___ Data provided

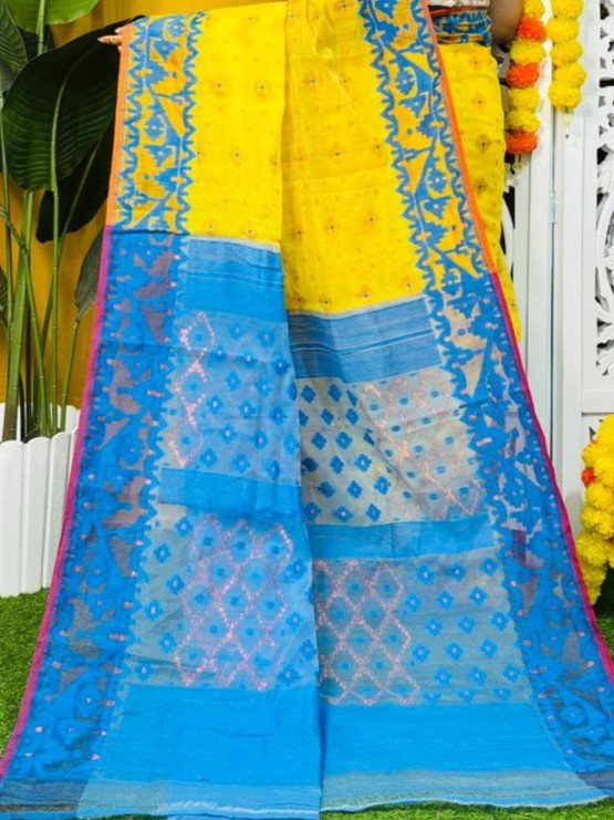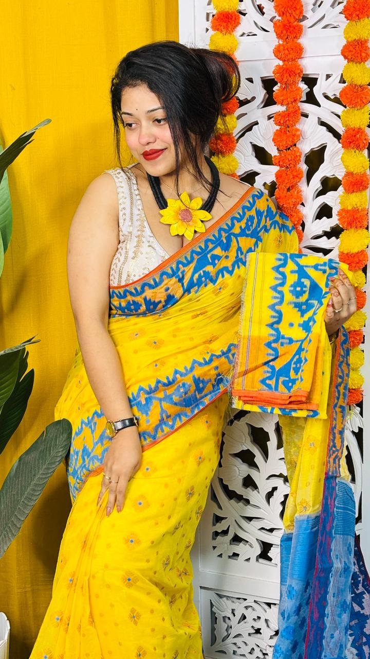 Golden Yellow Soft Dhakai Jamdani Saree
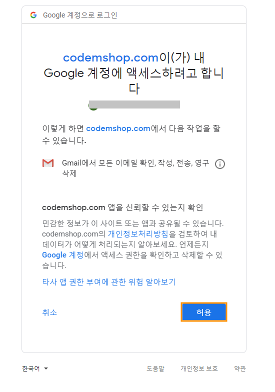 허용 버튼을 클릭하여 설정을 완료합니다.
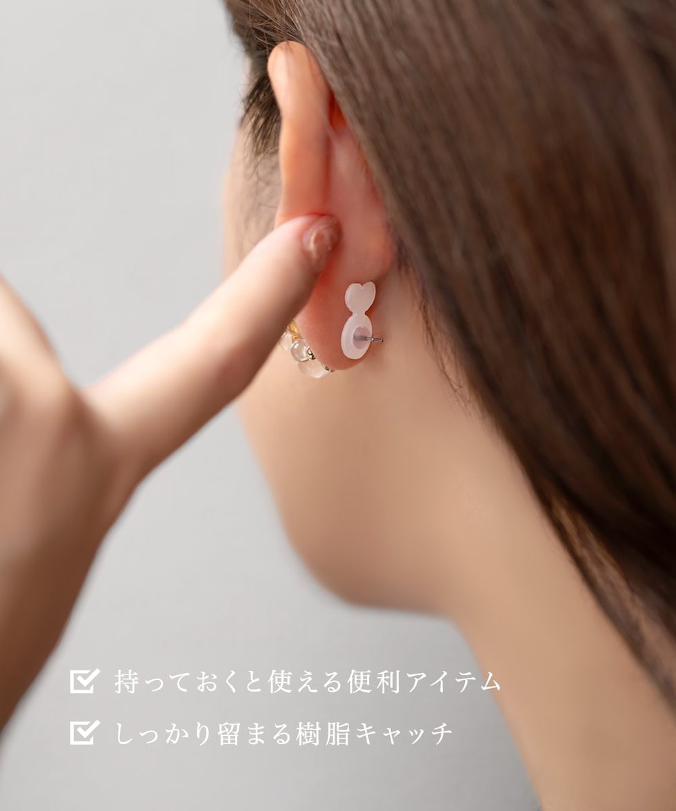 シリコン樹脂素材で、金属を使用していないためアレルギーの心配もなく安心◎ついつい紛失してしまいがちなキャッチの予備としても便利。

______
___ Data provided

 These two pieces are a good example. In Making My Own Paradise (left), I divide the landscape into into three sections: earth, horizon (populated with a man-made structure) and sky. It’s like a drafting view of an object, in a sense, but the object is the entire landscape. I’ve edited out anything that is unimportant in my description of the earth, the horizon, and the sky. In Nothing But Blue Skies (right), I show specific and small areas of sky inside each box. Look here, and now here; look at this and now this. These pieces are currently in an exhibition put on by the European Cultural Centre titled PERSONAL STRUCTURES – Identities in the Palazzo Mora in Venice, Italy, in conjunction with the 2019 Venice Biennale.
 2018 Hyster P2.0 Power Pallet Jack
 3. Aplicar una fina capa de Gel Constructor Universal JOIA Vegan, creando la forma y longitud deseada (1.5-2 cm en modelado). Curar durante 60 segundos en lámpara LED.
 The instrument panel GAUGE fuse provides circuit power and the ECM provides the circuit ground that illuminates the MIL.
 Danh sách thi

______
___ Data provided

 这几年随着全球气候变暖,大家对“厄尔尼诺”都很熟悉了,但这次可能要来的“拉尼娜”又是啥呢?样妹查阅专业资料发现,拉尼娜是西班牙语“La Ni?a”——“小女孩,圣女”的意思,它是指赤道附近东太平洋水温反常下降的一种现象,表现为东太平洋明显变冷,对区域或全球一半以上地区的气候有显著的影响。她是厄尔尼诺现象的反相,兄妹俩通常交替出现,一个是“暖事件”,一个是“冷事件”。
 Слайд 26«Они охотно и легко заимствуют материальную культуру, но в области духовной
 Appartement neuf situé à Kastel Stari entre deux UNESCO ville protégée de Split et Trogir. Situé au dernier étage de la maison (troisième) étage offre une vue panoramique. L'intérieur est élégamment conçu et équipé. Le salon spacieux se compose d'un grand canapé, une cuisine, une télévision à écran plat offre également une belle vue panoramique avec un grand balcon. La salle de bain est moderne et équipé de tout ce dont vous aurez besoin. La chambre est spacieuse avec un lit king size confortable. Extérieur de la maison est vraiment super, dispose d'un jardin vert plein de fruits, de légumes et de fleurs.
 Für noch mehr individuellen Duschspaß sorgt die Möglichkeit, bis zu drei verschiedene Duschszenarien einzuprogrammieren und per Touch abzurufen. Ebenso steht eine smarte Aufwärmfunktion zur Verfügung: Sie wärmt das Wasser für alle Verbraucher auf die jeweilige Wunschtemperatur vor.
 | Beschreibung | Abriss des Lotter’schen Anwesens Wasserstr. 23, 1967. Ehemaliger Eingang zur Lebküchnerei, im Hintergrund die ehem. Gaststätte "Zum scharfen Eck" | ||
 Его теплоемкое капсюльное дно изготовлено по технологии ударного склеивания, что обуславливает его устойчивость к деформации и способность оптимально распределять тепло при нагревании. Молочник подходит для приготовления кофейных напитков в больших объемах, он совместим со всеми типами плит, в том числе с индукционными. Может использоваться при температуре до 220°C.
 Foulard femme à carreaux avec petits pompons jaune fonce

______

> _Problem_
Using the listing above, copy exactly the line that contains "3. Aplicar una", the line that contains "Danh sách thi", and each line that falls between them.

> _Written response_
 3. Aplicar una fina capa de Gel Constructor Universal JOIA Vegan, creando la forma y longitud deseada (1.5-2 cm en modelado). Curar durante 60 segundos en lámpara LED.
 The instrument panel GAUGE fuse provides circuit power and the ECM provides the circuit ground that illuminates the MIL.
 Danh sách thi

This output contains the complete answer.